By contrast, QTT’s default approach is deliberately conservative on hardware. It appears to assume qubit counts will grow at roughly a single-exponential rate (something like 10× every decade in the number of qubits, which historically has been the case in the last 10 years of small-scale devices). It also assumes a high overhead for error correction using standard methods, for example, if physical gate error rates stay around $$10^{-3}$$, you might need thousands of physical qubits to stabilize 1 logical qubit. QTT’s 2051 default timeline for RSA-2048 implies that the model doesn’t expect more than a few thousand logical qubits until mid-century.
In other words, my benchmark bets on optimistic improvements (potentially super-exponential growth akin to “Neven’s Law”), whereas QTT sticks to cautious extrapolation of demonstrated trends. The result: my calculation shows the gap closing much sooner, while QTT’s shows a long slog where the required scale (e.g. thousands of logical qubits) isn’t reached until the 2050s.
Incorporation of Algorithmic Breakthroughs
Both approaches acknowledge that better quantum algorithms (or optimizations of existing ones) can dramatically change the game by lowering the resource requirements to break cryptography. However, my readiness score explicitly adjusts to each new breakthrough. For example, when Craig Gidney (Google Quantum AI) announced in 2025 an additional ~20× speedup in factoring circuits (beyond the 2024 Chevignard result), bringing the estimated physical qubits for RSA-2048 factoring down to under one million with a week-long runtime, I would update the benchmark’s “1.0 threshold” to reflect this lowered bar. The score immediately tells us that the world’s best quantum computer (on that day) jumped closer to the goal, even if hardware hasn’t changed – because the goalpost moved closer.

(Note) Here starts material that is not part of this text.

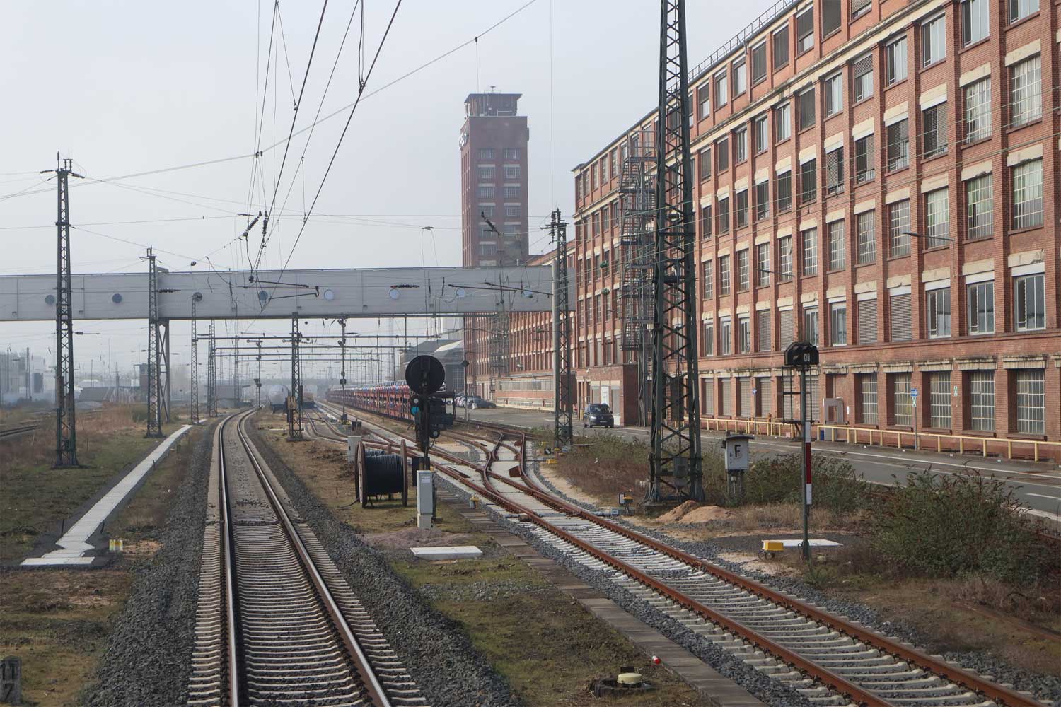 Ganz rechts das Gleis der Strecke

QTT, in its default form, only includes algorithms known up to 2024. It has Baseline Shor, Gidney-Ekerå (2019), Chevignard et al. (2024) built in as options. But it cannot foresee algorithmic improvements that haven’t been published yet. If a new algorithmic trick comes out in 2025 or 2026 (which it very likely will), QTT’s predictions would remain the same until someone manually updates the tool with the new data. This means QTT’s timelines could quickly become outdated unless continually maintained. In practice, my criticism has been that QTT’s demo might not reflect the very latest (e.g., Gidney’s 2025 work was possibly not included, given the timing), whereas my metric was explicitly designed to be forward-looking in the sense of “assuming people will keep finding improvements, the effective difficulty of RSA-2048 keeps dropping.”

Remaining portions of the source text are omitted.